Leader election is a fundamental coordination mechanism in distributed systems that designates a single node as the “leader” to coordinate actions, assign tasks, or make critical decisions. This pattern is essential for maintaining consistency and avoiding conflicts in scenarios where multiple nodes might otherwise compete for the same resources or responsibilities.

Leader election becomes crucial in various distributed system scenarios:

Consensus Management: Ensuring only one node makes critical decisions at a time
Task Distribution: Having a single coordinator assign work to worker nodes
Configuration Management: Maintaining a single source of truth for system configuration
Resource Allocation: Preventing resource conflicts by centralizing allocation decisions
Failure Recovery: Coordinating system recovery after failures

The challenge lies in ensuring all nodes agree on the same leader while handling network partitions, node failures, and varying message delivery times. Different algorithms approach this challenge with varying trade-offs between simplicity, network efficiency, and fault tolerance.

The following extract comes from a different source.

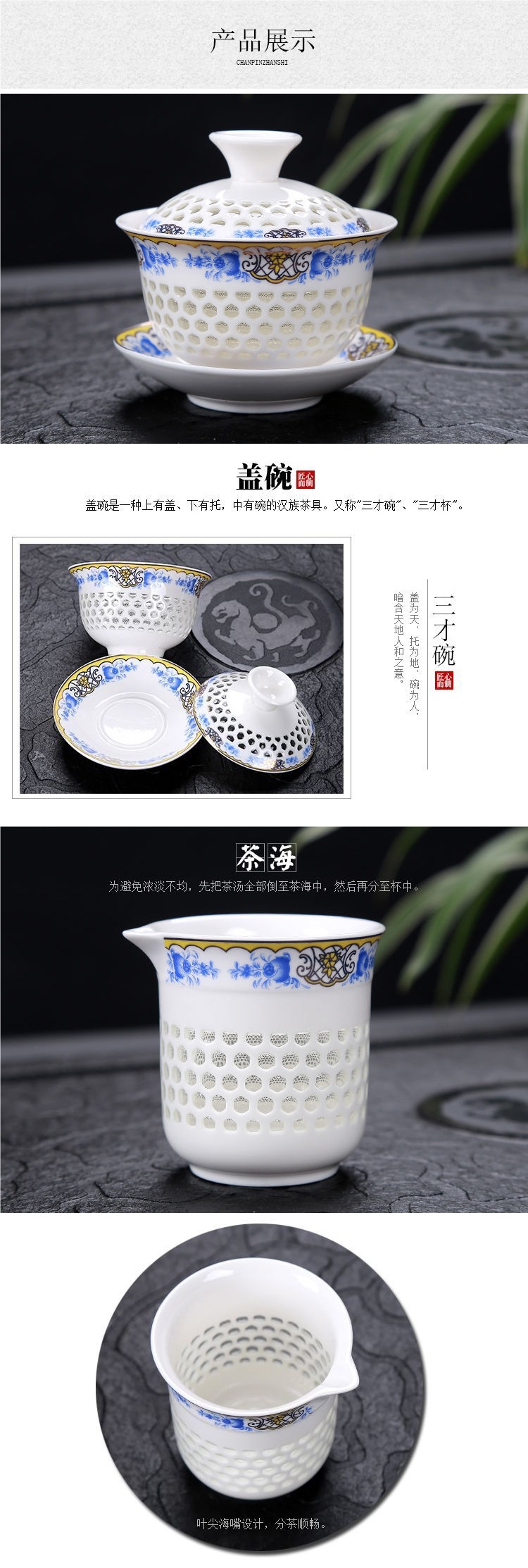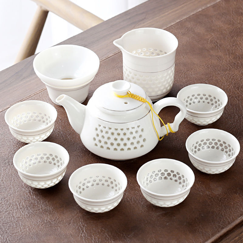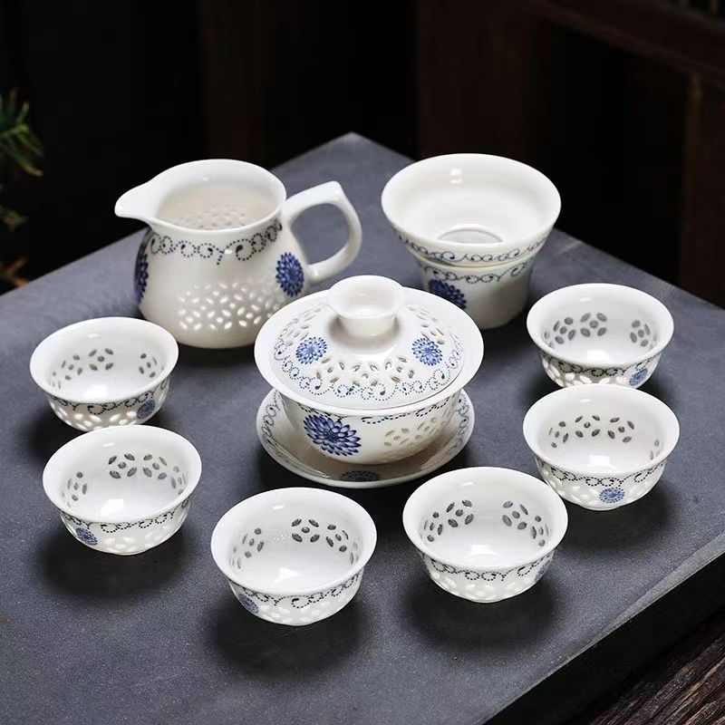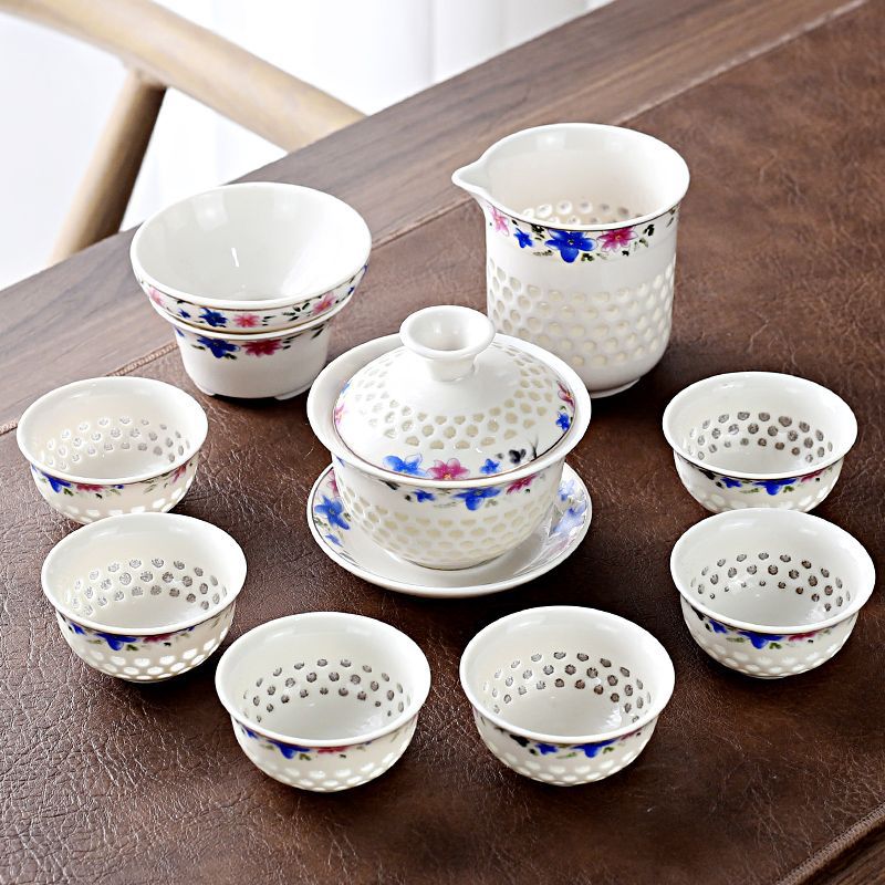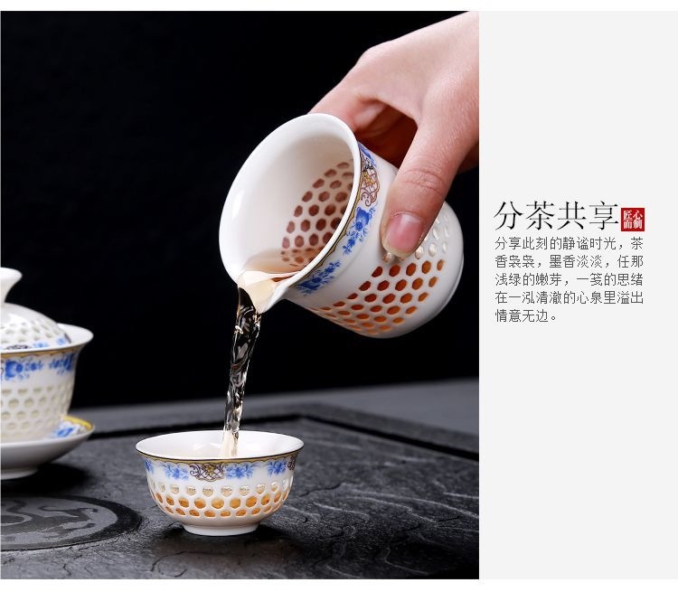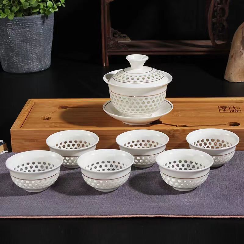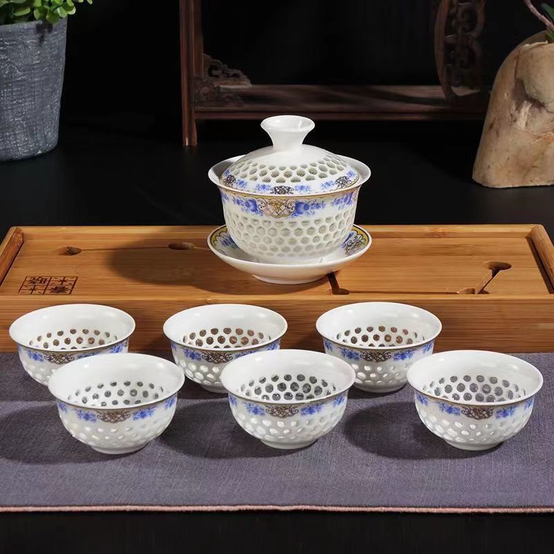 玲珑茶具套装家用客厅陶瓷蜂窝镂空盖碗泡茶杯待客办公室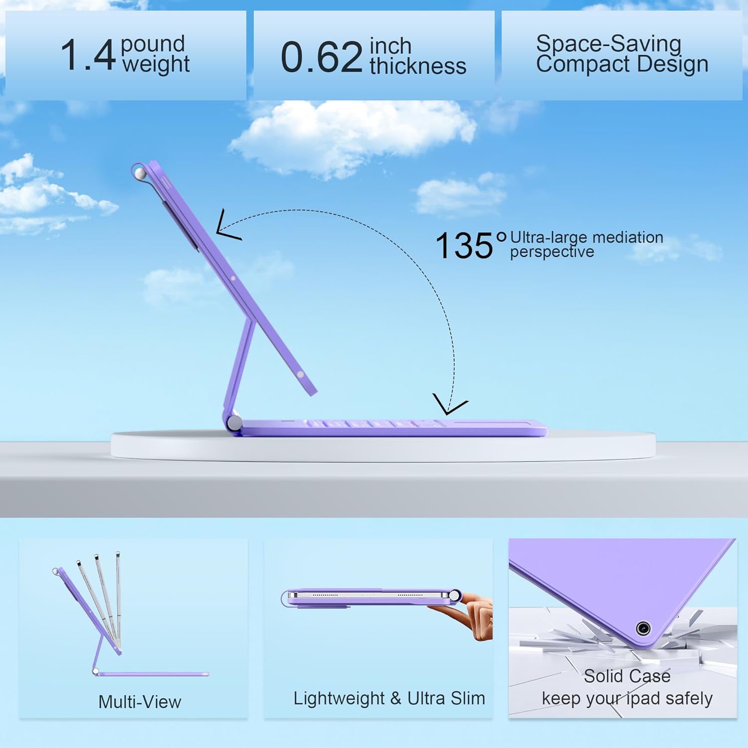 - Floating Cantilever Stand & Multi-View Flexibility: The magic-style floating cantilever stand and strong magnetic attraction hold iPad firmly and stably in place like a laptop, the floating cantilever design allows you to easily adjust to your favorite viewing angle for typing or browsing.

2. Leader Election Algorithms

2.1 Bully Algorithm

The Bully Algorithm is one of the most straightforward leader election algorithms, operating on the principle that the node with the highest unique identifier should become the leader. Its name comes from the way higher-ID nodes “bully” lower-ID nodes out of leadership contention.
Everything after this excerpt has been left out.